Capacity saving function: data deduplication and compression

When the capacity saving function is in use, the controller of the storage system performs data deduplication and compression to reduce the size of data to be stored. The capacity saving function can be used for data stored on flash drives, including data stored on encrypted drives.

When you enable deduplication on a pool, the deduplication system data volume for that pool is created. The deduplication system data volume is used exclusively by the storage system to manage the data deduplication function. A search table in the deduplication system data volume is used to locate redundant data in the pool.

olh-caution.gif Do not use capacity saving and NAS deduplication on the same volumes, because the additional processing decreases the I/O performance substantially. For information about the NAS deduplication function, see the File Services Administration Guide.

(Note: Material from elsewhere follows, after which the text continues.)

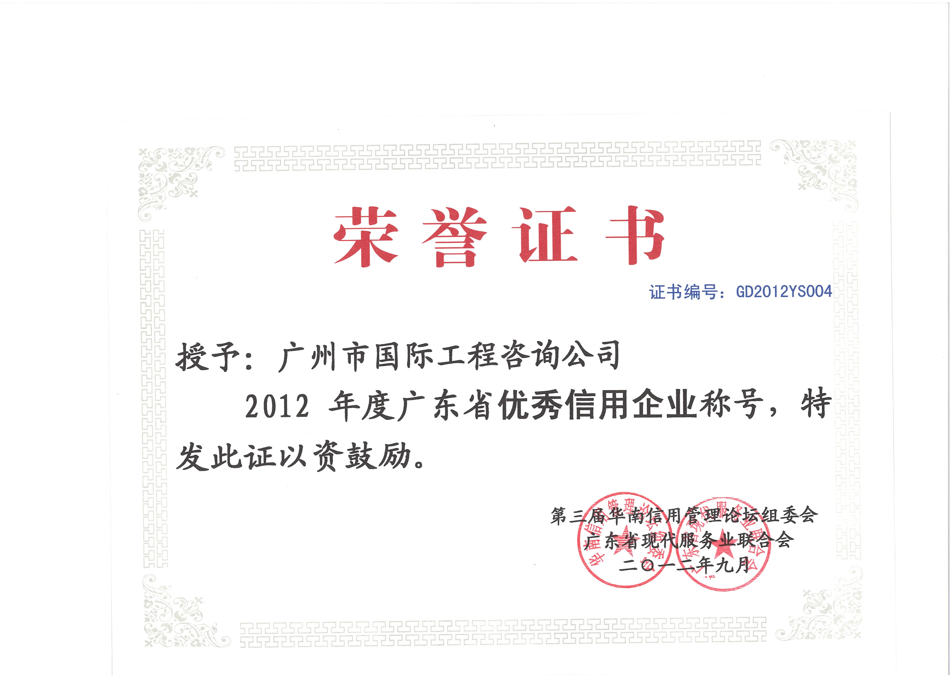 2012年度廣東省優(yōu)秀信用企業(yè)證書(shū)
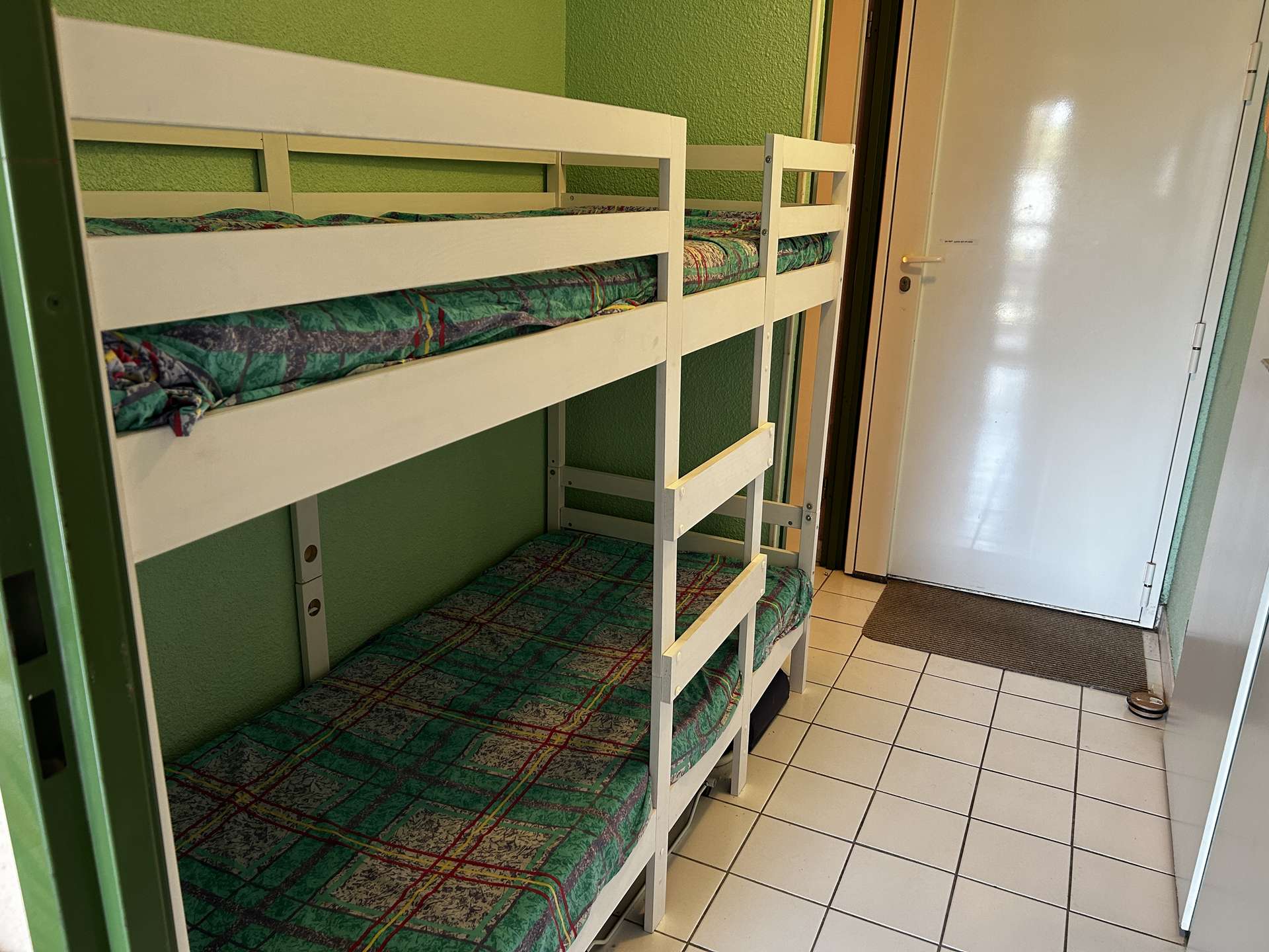 P2 de 28 m2 au 2 émè étage avec ascenseur,exposé sud-Ouest avec loggia et vue sur la piscine et le lac Salonique.Séjour avec un bz et télévision. Cuisine avec micro-ondes/four électrique et 2 plaques de cuisson électriques. Chambre avec un lit en 140 , et coin cabine à l'entrée avec un lit superposé en 90 . Salle de bain avec baignoire et WC séparè.

olh-note.gif The capacity overheads associated with the capacity saving function include:

The capacity consumed by metadata for the capacity saving function (deduplication and compression) is approximately 3% of the consumed DP-VOL capacity that has been processed by capacity saving. For example, if the consumed capacity of a DP-VOL is 150 TB and the capacity saving feature has processed 100 TB of the 150 TB consumed capacity reducing it to 30 TB, the capacity consumed by metadata for capacity saving function will be approximately 3 TB (3% of 100 TB). The total consumed capacity of this DP-VOL at this instant is 83 TB (30 TB + 50 TB + 3 TB).

The capacity consumed by garbage data is approximately 7% of the total consumed capacity of all DP-VOLs with capacity saving enabled. The capacity is dynamically consumed based on garbage data created by the capacity saving process and cleaned by the background garbage collection process. The garbage collection process is a background process with a lower priority than host I/O, so the capacity consumed by garbage data depends on both the garbage created and the host I/O rate.